Example of the 3-nodes deployment from the view of configuration files - monitoring and database settings are kept with default values.

Instance “uc-1”:

{
    "dbPersistence": {
        "enabled": true,
        "uniconfigInstance": {
            "instanceName": "uc-1",
            "backupInstanceName": "uc-2"
        }
    }
}

Instance “uc-2”:

{
    "dbPersistence": {
        "enabled": true,
        "uniconfigInstance": {
            "instanceName": "uc-2",
            "backupInstanceName": "uc-3"
        }
    }
}

Instance “uc-3”:

{
    "dbPersistence": {
        "enabled": true,
        "uniconfigInstance": {
            "instanceName": "uc-3",
            "backupInstanceName": "uc-1"
        }
    }
}

Physical data model

UML class diagram

The following UML class diagram shows physical database model which is required to be deployed on target database system.

Physical data model

Note

All unique fields are also indexed - unique constraint automatically creates index for the same field in the PostgreSQL and CockroachDB database systems.

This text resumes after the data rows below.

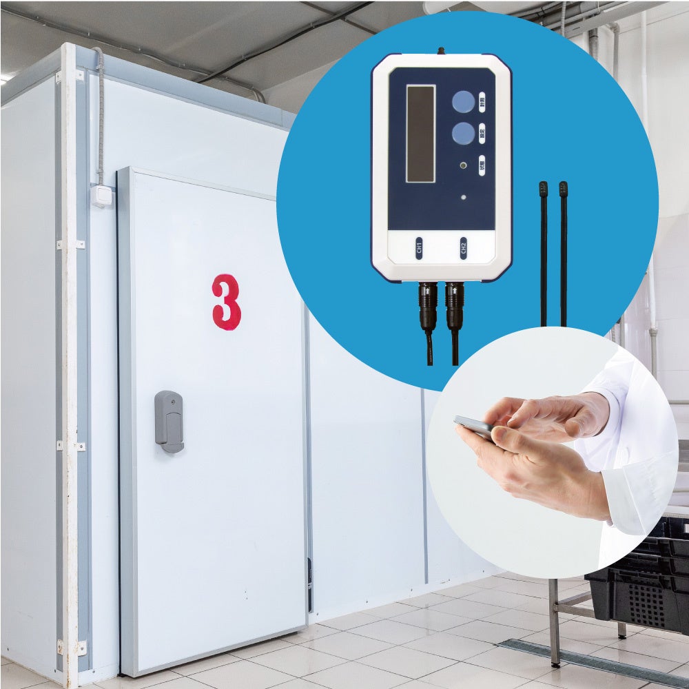 食品工場や倉庫の温度を自動記録。広い建屋やコンテナ冷蔵庫、冷凍設備にも設置可能。温度記録を自動化、監視して異常時は通知します。新たに機器の異常を遠隔から把握し管理する警報通知機能をサポート。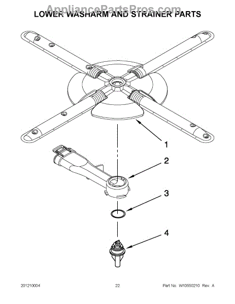 Parts for Kitchenaid KUDS30IBWH1: 11 - Lower Washarm And Strainer Parts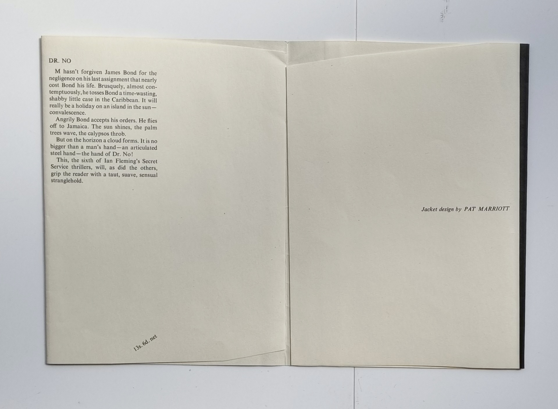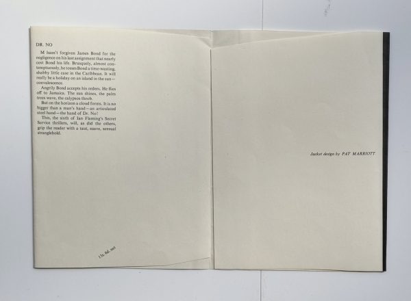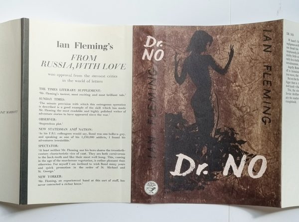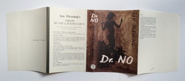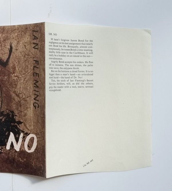 PROOF DUST JACKET – (NO BOOK) – The dust-jacket for ‘Dr. No’ was designed by Pat Marriott. A fine example of the Proof dust jacket. The panels and spine are the same width as the published jacket, but the proof jacket is slightly taller with extremely wide un-trimmed flaps. The proof jacket corresponds to the first impression jacket, except that the ‘Greek urn’ circular device on the spine is bright white as opposed to off-white, and differing in the dimensions to the extent that it would not fit around a copy of the book unless the flaps were trimmed. Gilbert A6a(1.1 or 1.2). Exceedingly uncommon.

Description of entities and fields

  • node: Node in database represents mounted node in UniConfig. Description of fields:

    • node_id: Unique node identifier that is used for mounting of this device.

    • mount_request: JSON representation of original mount request used for mounting of this device. After device is mounted in the UniConfig distribution, a new node entry with filled-in mount request is created. From this reason, this field is always non-null.

    • config: Serialized UniConfig configuration in the JSON format. This configuration reflects Uniconfig configuration container in the Operational datastore. Any change to this container in the Operational datastore (for example, after commit or sync-from-network operations) is automatically saved to database.

    • is_native: Boolean flag that identifies whether this node is mounted as translation-based node or uniconfig-native node. Information about nativeness of node is extracted from ‘mount_request’.

    • native_prefix: Uniconfig-native namespace prefix used internally for classification of NETCONF node and separation of corresponding NETCONF schemas in the schema context. If the node is not mounted as native node, this field is kept with null value.

    • config_fingerprint: Configuration fingerprint (usually, the configuration timestamp or transaction identifier on a target device) that corresponds to loaded fingerprint under UniConfig node in the Operation datastore. The metadata OpenConfig translation unit is responsible for reading and parsing of this information. Updated ‘config_fingerprint’ (after sync-from-network operation) is automatically reflected in value change of this field in the database.

    • management_protocol_id: This field is used as the foreign key to ‘protocol’ relation. Every node can be mounted using ‘cli’ or ‘netconf’ management protocol.

    • netconf_repository_id: This field is used as the foreign key to ‘netconf_repository’ relation. If node is not mounted using NETCONF protocol, the value of this field is null. Otherwise, this fields points to used NETCONF cache repository - directory with all YANG schemas for specific device type.

    • uniconfig_instance_id: This field is used as the foreign key to ‘uniconfig_instance’ relation. It represents UniConfig instance on which the node has been mounted. If the node is mounted on multiple UniConfig instances in the cluster, the first UniConfig instance is preserved.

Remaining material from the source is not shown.